> **Supplied information**:
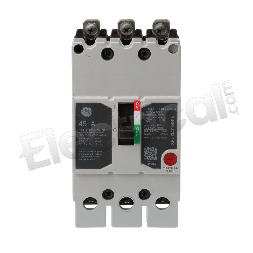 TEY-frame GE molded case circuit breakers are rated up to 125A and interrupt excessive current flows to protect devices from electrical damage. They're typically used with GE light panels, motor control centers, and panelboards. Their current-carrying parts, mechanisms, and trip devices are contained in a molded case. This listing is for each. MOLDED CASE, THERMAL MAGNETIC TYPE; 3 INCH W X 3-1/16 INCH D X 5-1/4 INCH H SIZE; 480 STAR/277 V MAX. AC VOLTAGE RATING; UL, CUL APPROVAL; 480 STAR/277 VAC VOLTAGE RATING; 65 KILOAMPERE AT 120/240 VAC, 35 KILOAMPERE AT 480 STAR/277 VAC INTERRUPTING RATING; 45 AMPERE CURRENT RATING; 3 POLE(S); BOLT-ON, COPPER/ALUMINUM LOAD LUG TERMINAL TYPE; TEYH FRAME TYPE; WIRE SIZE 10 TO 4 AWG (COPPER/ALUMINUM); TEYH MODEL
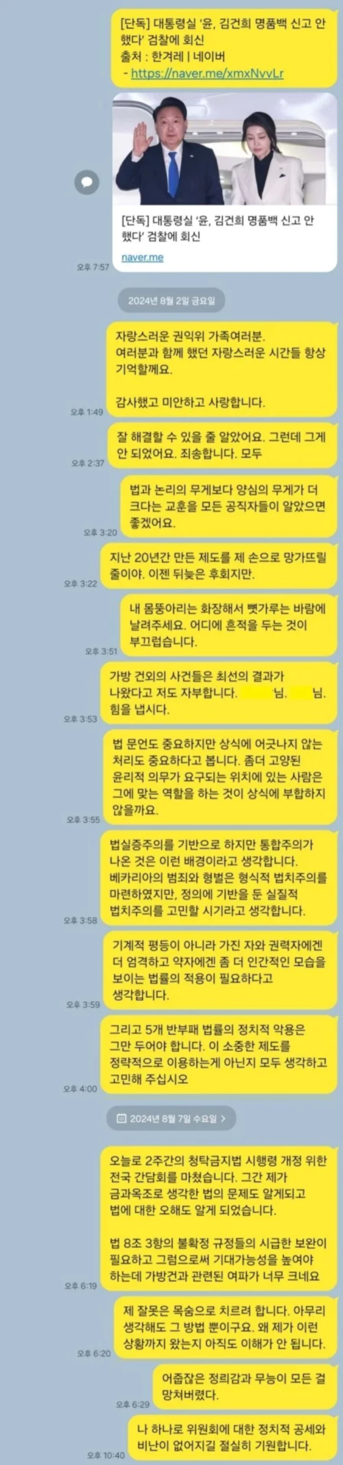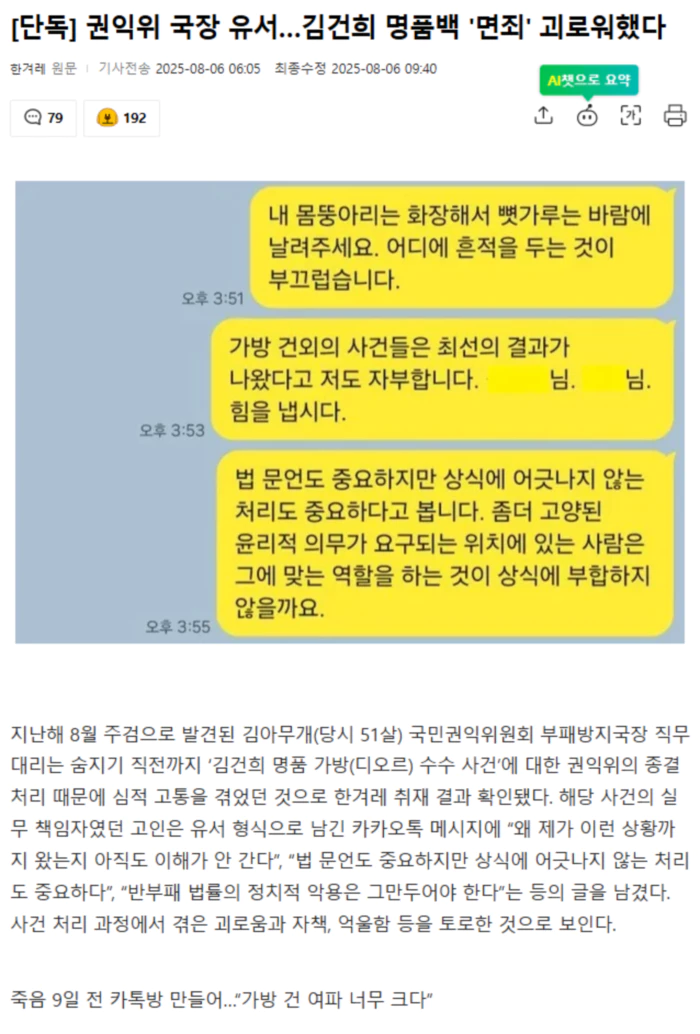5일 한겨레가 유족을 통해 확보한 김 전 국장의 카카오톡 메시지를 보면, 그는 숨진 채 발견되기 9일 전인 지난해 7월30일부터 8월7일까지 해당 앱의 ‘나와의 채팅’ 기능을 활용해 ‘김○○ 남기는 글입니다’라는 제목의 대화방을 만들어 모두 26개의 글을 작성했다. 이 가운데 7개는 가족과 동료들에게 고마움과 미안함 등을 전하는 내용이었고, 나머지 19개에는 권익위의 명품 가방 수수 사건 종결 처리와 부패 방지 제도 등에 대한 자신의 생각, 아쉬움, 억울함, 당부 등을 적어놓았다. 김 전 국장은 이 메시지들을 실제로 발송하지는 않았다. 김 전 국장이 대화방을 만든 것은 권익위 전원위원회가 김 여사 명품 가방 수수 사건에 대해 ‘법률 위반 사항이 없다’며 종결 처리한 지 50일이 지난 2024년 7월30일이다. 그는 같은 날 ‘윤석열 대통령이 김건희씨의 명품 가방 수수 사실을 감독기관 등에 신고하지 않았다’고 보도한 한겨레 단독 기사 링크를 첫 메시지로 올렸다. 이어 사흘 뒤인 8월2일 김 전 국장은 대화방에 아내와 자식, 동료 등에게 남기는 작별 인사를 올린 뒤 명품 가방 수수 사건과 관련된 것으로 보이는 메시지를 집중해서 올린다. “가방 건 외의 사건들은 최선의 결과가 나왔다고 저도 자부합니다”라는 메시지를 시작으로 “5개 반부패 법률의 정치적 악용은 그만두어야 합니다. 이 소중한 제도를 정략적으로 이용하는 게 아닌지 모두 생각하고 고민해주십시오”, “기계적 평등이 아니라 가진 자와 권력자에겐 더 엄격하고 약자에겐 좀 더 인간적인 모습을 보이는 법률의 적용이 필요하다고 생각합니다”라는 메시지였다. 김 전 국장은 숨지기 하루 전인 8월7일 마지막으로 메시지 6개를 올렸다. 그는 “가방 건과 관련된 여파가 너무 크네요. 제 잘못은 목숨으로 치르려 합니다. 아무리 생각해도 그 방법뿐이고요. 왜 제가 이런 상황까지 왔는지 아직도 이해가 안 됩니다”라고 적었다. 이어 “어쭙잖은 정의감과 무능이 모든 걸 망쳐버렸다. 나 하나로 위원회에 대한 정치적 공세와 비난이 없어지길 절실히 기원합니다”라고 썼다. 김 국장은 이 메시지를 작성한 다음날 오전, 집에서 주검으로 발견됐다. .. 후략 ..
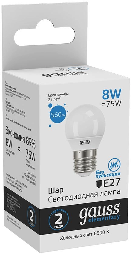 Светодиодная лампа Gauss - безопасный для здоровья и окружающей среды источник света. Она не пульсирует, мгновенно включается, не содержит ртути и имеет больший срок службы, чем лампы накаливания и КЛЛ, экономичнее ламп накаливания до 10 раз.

* * *

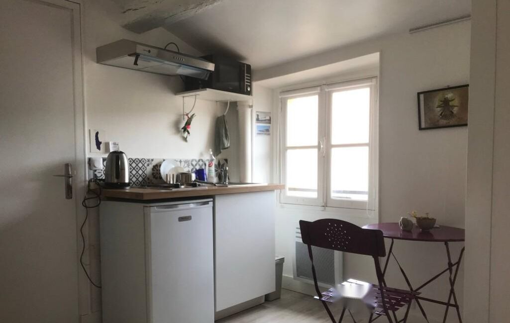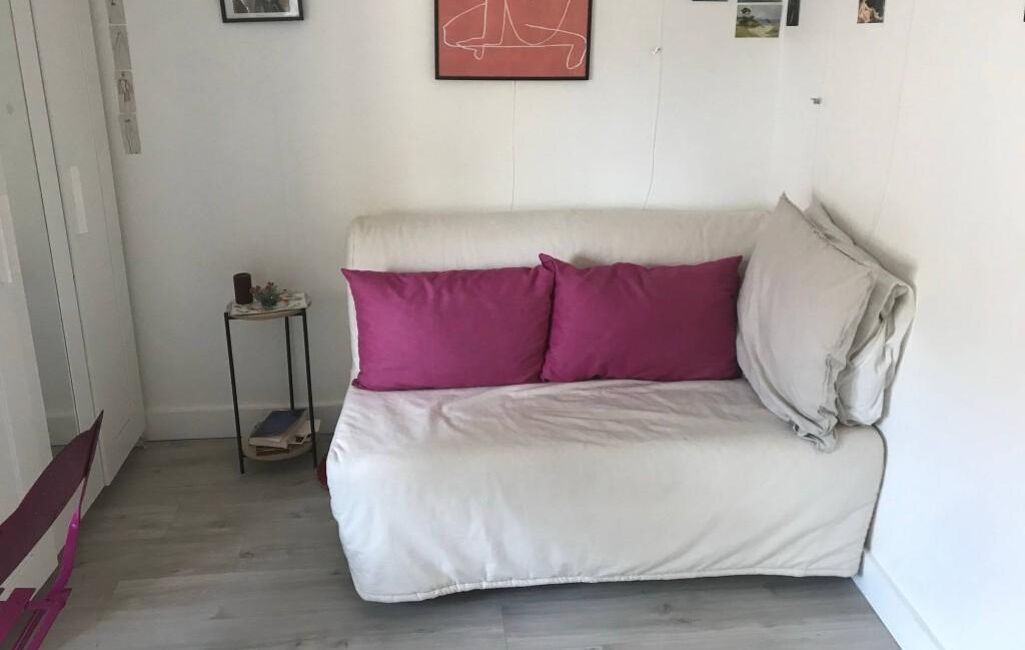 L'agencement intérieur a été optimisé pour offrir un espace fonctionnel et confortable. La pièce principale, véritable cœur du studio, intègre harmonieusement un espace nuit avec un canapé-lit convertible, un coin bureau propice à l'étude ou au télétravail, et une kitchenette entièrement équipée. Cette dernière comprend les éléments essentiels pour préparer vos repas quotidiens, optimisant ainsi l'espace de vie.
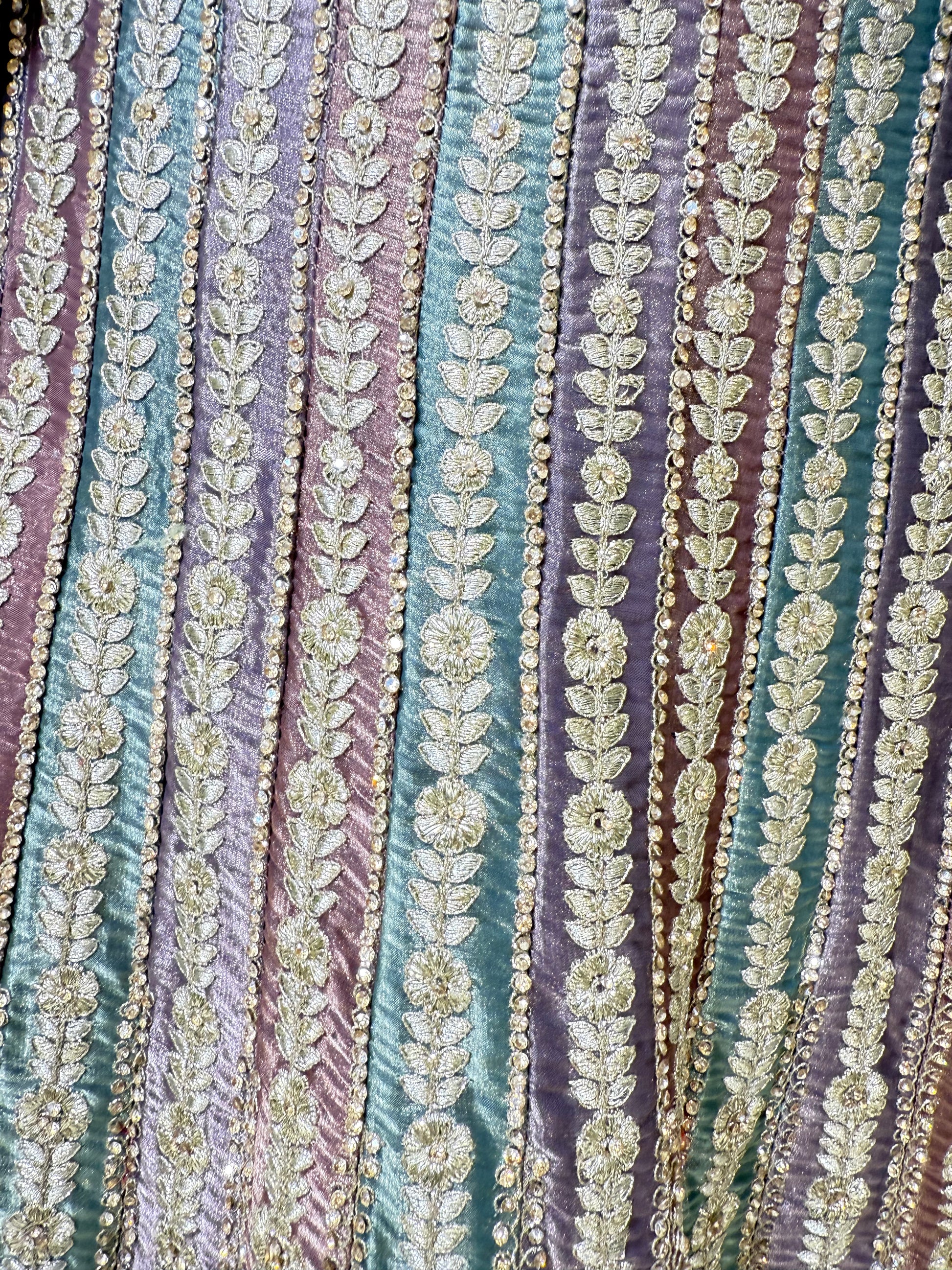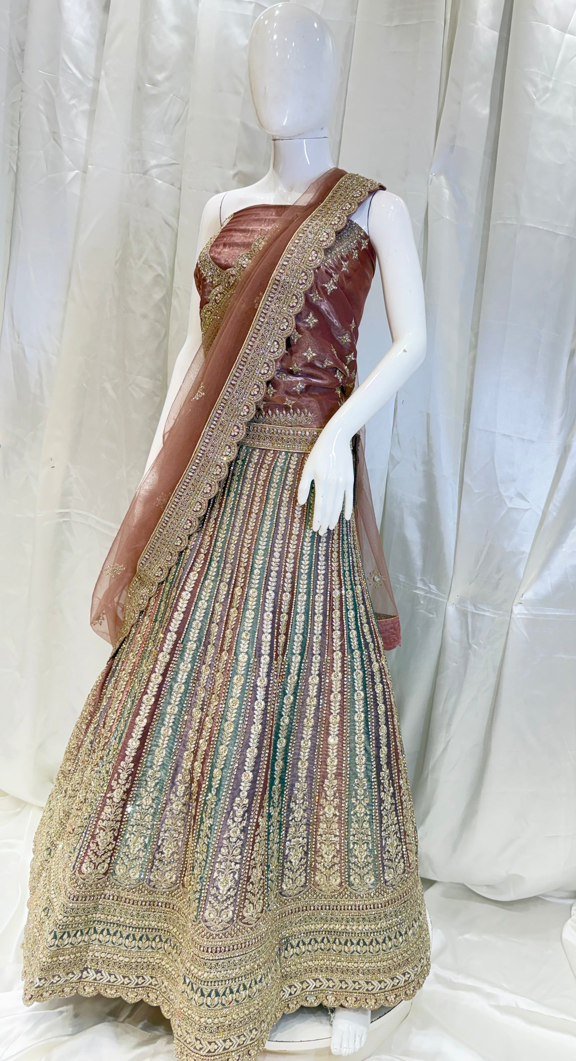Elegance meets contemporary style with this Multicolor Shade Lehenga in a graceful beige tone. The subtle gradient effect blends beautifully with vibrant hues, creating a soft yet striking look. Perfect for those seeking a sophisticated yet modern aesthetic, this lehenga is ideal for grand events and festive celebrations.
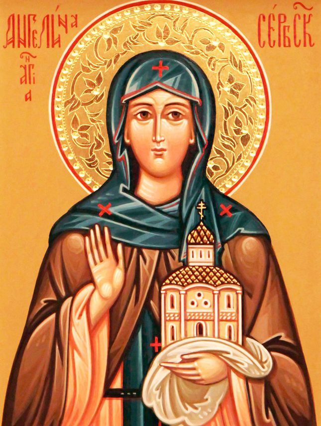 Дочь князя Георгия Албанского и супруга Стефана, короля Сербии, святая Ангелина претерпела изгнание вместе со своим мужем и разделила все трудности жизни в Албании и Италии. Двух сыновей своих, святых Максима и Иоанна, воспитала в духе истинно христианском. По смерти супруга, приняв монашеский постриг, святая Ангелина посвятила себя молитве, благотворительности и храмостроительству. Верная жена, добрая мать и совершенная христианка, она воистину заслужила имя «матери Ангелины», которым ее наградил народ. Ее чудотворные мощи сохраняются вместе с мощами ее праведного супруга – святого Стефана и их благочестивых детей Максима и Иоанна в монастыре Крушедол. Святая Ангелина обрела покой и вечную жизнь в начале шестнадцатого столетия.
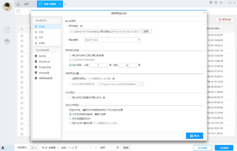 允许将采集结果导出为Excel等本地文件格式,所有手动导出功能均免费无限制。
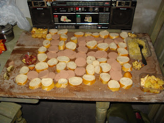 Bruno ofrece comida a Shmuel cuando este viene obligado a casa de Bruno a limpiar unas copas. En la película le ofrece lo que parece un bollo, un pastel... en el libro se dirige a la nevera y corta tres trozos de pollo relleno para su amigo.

==

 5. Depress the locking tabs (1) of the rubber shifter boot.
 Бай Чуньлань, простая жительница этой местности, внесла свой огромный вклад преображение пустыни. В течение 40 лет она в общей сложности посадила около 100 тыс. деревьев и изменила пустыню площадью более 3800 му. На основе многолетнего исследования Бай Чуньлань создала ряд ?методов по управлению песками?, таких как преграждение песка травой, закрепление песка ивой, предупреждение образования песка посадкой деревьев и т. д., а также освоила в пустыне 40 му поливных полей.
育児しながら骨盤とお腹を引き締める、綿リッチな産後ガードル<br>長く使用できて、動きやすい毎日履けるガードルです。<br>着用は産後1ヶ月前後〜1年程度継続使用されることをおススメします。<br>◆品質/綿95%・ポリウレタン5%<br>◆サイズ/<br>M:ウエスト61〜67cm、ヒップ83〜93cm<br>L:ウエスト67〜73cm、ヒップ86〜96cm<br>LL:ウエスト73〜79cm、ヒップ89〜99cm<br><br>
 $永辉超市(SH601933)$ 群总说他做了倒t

> **What the task requires**: Transcribe only this stretch of the data: the line with "允许将采集结果导出为Excel等本地文件格式,所有手动导出功能均免费无限制。", the line with "Bruno ofrece comida", and every line in between. Leave out the pictures.

> **Answer space**:
 允许将采集结果导出为Excel等本地文件格式,所有手动导出功能均免费无限制。
 Bruno ofrece comida a Shmuel cuando este viene obligado a casa de Bruno a limpiar unas copas. En la película le ofrece lo que parece un bollo, un pastel... en el libro se dirige a la nevera y corta tres trozos de pollo relleno para su amigo.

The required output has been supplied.